Configuration of Apache Virtual Hosts

ALERT! Again, remember that you need to adapt hostnames, IP addresses, and directory names to your installation.

There's not much to say about that configuration, so we just list it in full. (This section explains the attachment vhost.tmpl.)

  #
  # This file holds the configuration of the Web server
  # wiki.example.com.
  # The complete server content is managed by TWiki.
  #
  # There exists two instances of that server: http and https. I.e., one
  # where traffic is unencrypted and one where traffic is secure. Any
  # traffic that sends plain-text passwords is done over SSL.
  #

  <VirtualHost 10.11.12.13:80>

  ServerName wiki.example.com
  #ServerAlias alias.domain.tld
  UseCanonicalName On

  # Possible values include: debug, info, notice, warn, error, crit,
  # alert, emerg.
  LogLevel warn
  ErrorLog /var/log/apache2/error.log
  CustomLog /var/log/apache2/access.log combined
  # Rewrite log is only needed for debugging.
  RewriteLog /var/log/apache2/rewrite.log
  RewriteLogLevel 0


  #
  # Content basics
  #

  DocumentRoot "/var/www/twiki"

  # Turn over content management to TWiki:
  Include include.d/twiki.full-server

  # Let's also add a specification for the homepage of this server.
  # We refrain from rewrite-by-redirection; we might want to use a different
  # page in the future for the homepage.
  RewriteRule ^/$               /var/www/twiki/bin/view/Main/WebHome [L]

  </VirtualHost>


  <VirtualHost 10.11.12.13:443>

  ServerName wiki.example.com
  UseCanonicalName On

  # The www.dante.de cert has (actually, should have) wiki.example.com in its
  # alternate names list.
  SSLEngine on
  SSLCertificateKeyFile ssl/wiki.example.com.key
  SSLCertificateFile    ssl/wiki.example.com.crt
  <Location "/">
          SSLRequireSSL
  </Location>

  # Possible values include: debug, info, notice, warn, error, crit,
  # alert, emerg.
  LogLevel warn
  ErrorLog /var/log/apache2/ssl-error.log
  CustomLog /var/log/apache2/ssl-access.log combined
  CustomLog /var/log/apache2/ssl-request.log            "%t %h %{SSL_PROTOCOL}x %{SSL_CIPHER}x \"%r\" %b"
  # Rewrite log is only needed for debugging.
  RewriteLog /var/log/apache2/wiki.example.com/ssl-rewrite.log
  RewriteLogLevel 0


  #
  # Content basics
  #

  DocumentRoot "/var/www/twiki"

  # Turn over content management to TWiki:
  Include include.d/twiki.full-server

  </VirtualHost>

Patch LocalSite.cfg

That's the most hairy part of the whole configuration. (This section explains the attachment LocalSite.cfg.patch.tmpl.)
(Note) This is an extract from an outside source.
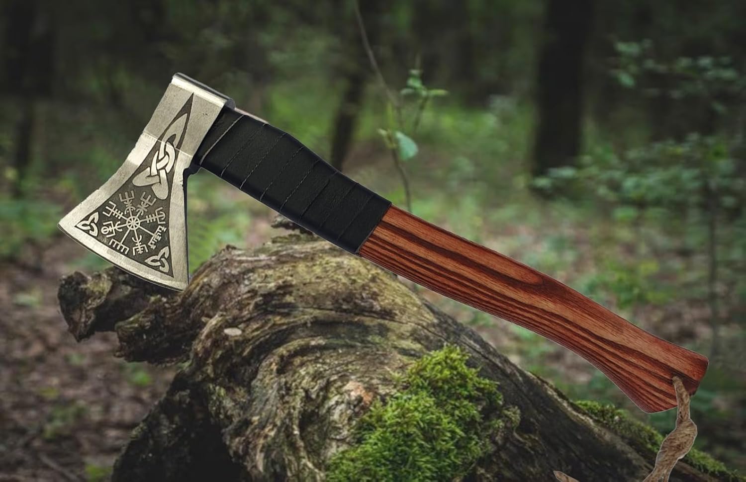 Inspire Epic Adventures: Ignite the spirit of adventure with the Viking Axe, a versatile companion for hunting, hiking, camping, wood carving hatchet, wood splitting axe and beyond. With its blend of exquisite craftsmanship and rugged durability, this tomahawk hatchet is more than just a weapon – battle axe real is a symbol of courage and exploration, inspiring epic conquest with every swing. Elevate your collection with our masterfully crafted bushcraft hatchet axe, the epitome of Viking craftsmanship. This hand hatchet axe isn't just a decorative piece – it's a functional weapon suitable for reenactments, live-action role-playing (LARP), or proudly displayed in your home. Crafted with precision, the camping axe boasts a stunning colorful wooden handle that not only ensures a comfortable grip but also adds a distinctive flair to its appearance. Combat hatchet ergonomic design makes it perfect for extended use without compromising on style. To ensure your hunting hatchet stays protected and ready for action, we've included a premium leather sheath. Constructed with double stitching, this small hatchet with sheath provides maximum durability and security, ensuring your wood hatchet axe remains securely in place wherever your adventures take you. Looking for the perfect gift for the adventure enthusiast in your life? Look no further than our combat axe. Whether it's for your husband, father, boyfriend, brother, or friends who love hunting, hiking, camping, or outdoor pursuits, this tomahawk axe is sure to impress on any special occasion. Unleash your inner warrior with our Viking Axe – a symbol of strength, heritage, and adventure. More than just an axe tool, it's a testament to the Viking spirit within us all. Whether you're a seasoned enthusiast or a novice explorer, the throwing hatchet is ready to accompany you on your next adventure, embodying the essence of true craftsmanship and timeless style.

TWiki uses information from LocalSite.cfg (which gets created or updated by running configure) to construct URLs in links, in particular the URL host part in DefaultUrlHost. It uses a fixed string for that information. But we need variability here:

  • If we're on the secure site, that parameter must be https://wiki.example.com.
  • If we're on the normal site, that parameter must be http://wiki.example.com (without `s').

ALERT! I have found only one method to achieve that objective: I patch LocalSite.cfg every time after I ran configure. For that I exchange the line

  $TWiki::cfg{DefaultUrlHost} = 'https://wiki.example.com';
with
  $TWiki::cfg{DefaultUrlHost} = ( defined($ENV{HTTPS}) && $ENV{HTTPS} eq 'on' ? 'https://wiki.example.com' : 'http://wiki.example.com' );
Please note that $ENV{SCRIPT_URI} should not be used here, we might not be in a CGI environment.

To ease these updates, I use a patch file that is attached to this topic.

Add Missing ErrorDocument Page

The configuration above should actually not allow authentication requests over HTTP. To enhance the robustness of our realization, we play save and make nevertheless an ErrorDocument for that case available.

Attached is HttpUnauthorized.txt; you can use that as content for the topic Main.HttpUnauthorized. (If you use an other topic name, you need to adapt the RewriteRule above.)

-- Contributors: JoachimSchrod - 30 Apr 2007



Comments & Questions about this Supplemental Document Topic

Please add your comments where the description can or should be improved. Or where you need clarification why I used that approach and not some other mean. Of course, if you can point out errors or simplifications to achieve the same functionality, that would even be better.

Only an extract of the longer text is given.